Comment by simonw

Comment by simonw 5 days ago

8 replies

I don't buy this.

It implies that the agents could only do this because they could regurgitate previous browsers from their training data.

Anyone who's watched a coding agent work will see why that's unlikely to be what's happening. If that's all they were doing, why did it take three days and thousands of changes and tool calls to get to a working result?

I also know that AI labs treat regurgitation of training data as a bug and invest a lot of effort into making it unlikely to happen.

I recommend avoiding the temptation to look at things like this and say "yeah, that's not impressive, it saw that in the training data already". It's not a useful mental model to hold.

deadbabe 5 days ago

It took three days because... agents suck.

But yes, with enough prodding they will eventually build you something that's been built before. Don't see why that's particularly impressive. It's in the training data.

  • simonw 5 days ago

    Not a useful mental model.

    • deadbabe 5 days ago

      It is useful. If you can whip up something complex fairly quickly with an AI agent, it’s likely because it’s already been done before.

      But if even the AI agent seems to struggle, you may be doing something unprecedented.

      • simonw 5 days ago

        Except if you spend quality time with coding agents you realize that's not actually true.

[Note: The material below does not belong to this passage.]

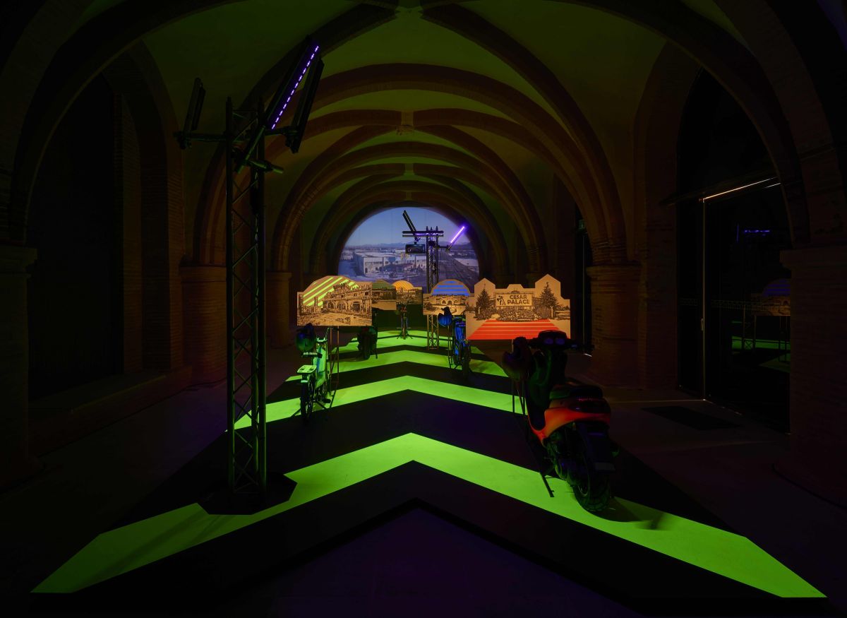 Poursuivant le projet Ultimo Impero, mené avec la commissaire d’exposition Aurélie Faure, Tony Regazzoni a sillonné l’Italie du nord à la recherche de vestiges d’immenses discothèques construites dans la périphérie de grandes villes entre les années 1970 et 1990. Pour le Nouveau Printemps, l’artiste investit l’Hôtel Saint-Jean, qui abrite la Direction régionale des affaires culturelles. Il y déploie une scénographie immersive, rythmée par des récits de plusieurs auteur·ices - Gorge Bataille, Naëlle Dariya, Camille Desombre et Aurélie Faure - des sons et des images qui plantent le décor d’un départ en soirée tandis que ces moments reviennent à notre mémoire.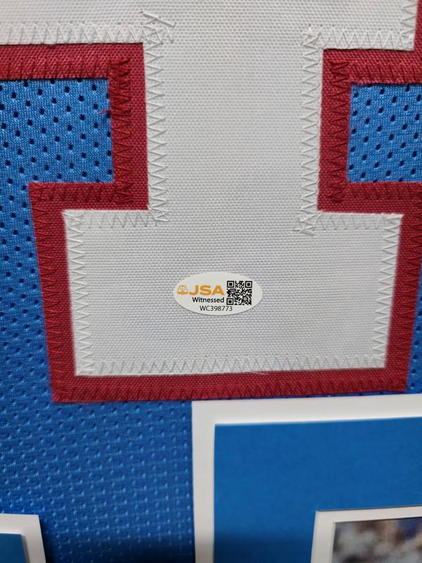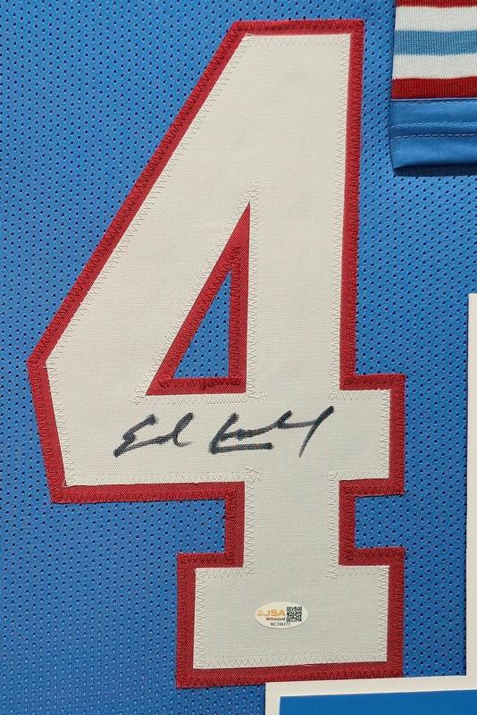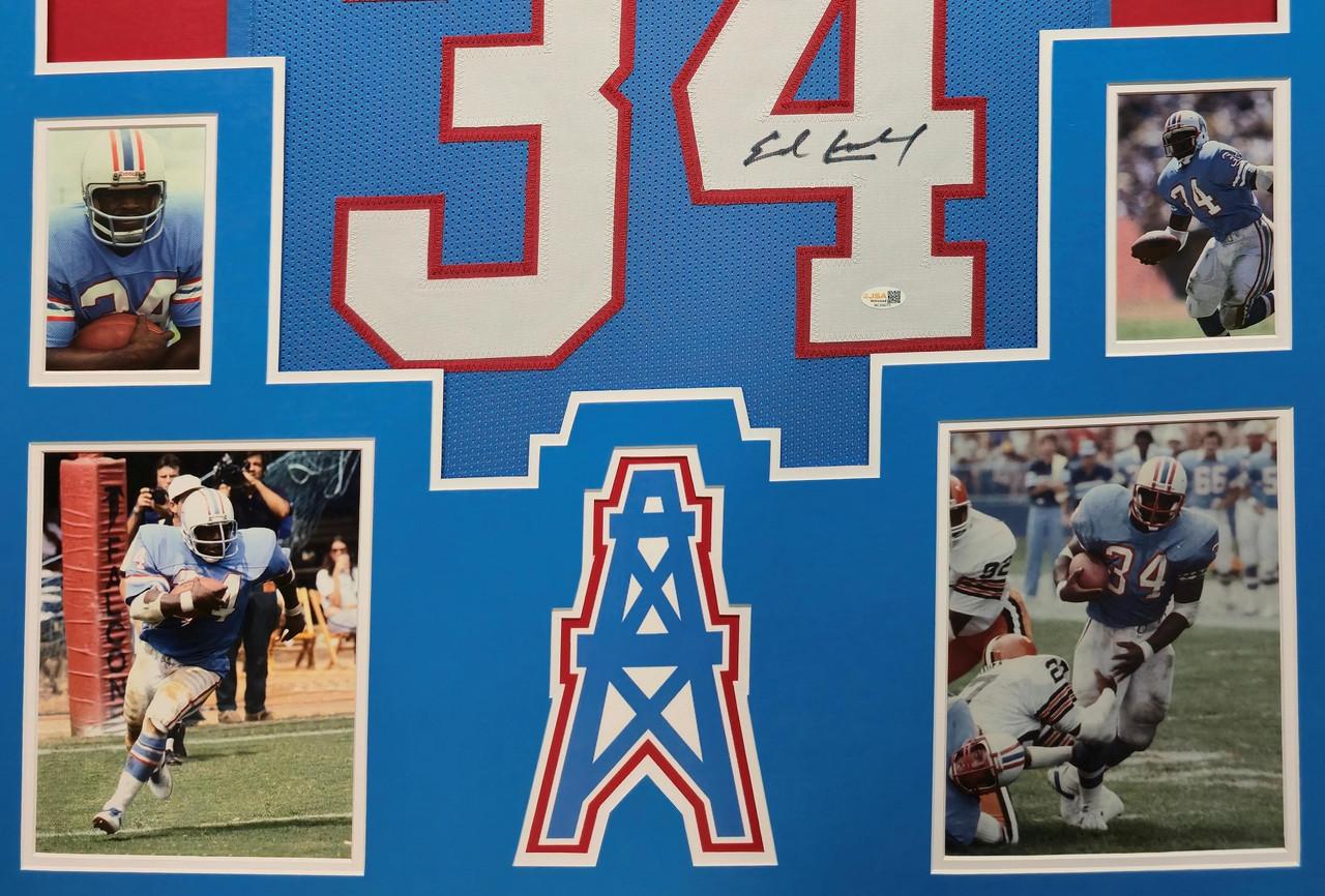 Custom frame measures 34" x 42" in size and features a jersey that has been hand-signed by Earl Campbell (HOF).

        They're equally useful for novel tasks because they don't work by copying large scale patterns from their training data - the recent models can break down virtually any programming task to a bunch of functions and components and cobble together working code.

        If you can clearly define the task, they can work towards a solution with you.

        The main benefit of concepts already in the training data is that it lets you slack off on clearly defining the task. At that point it's not the model "cheating", it's you.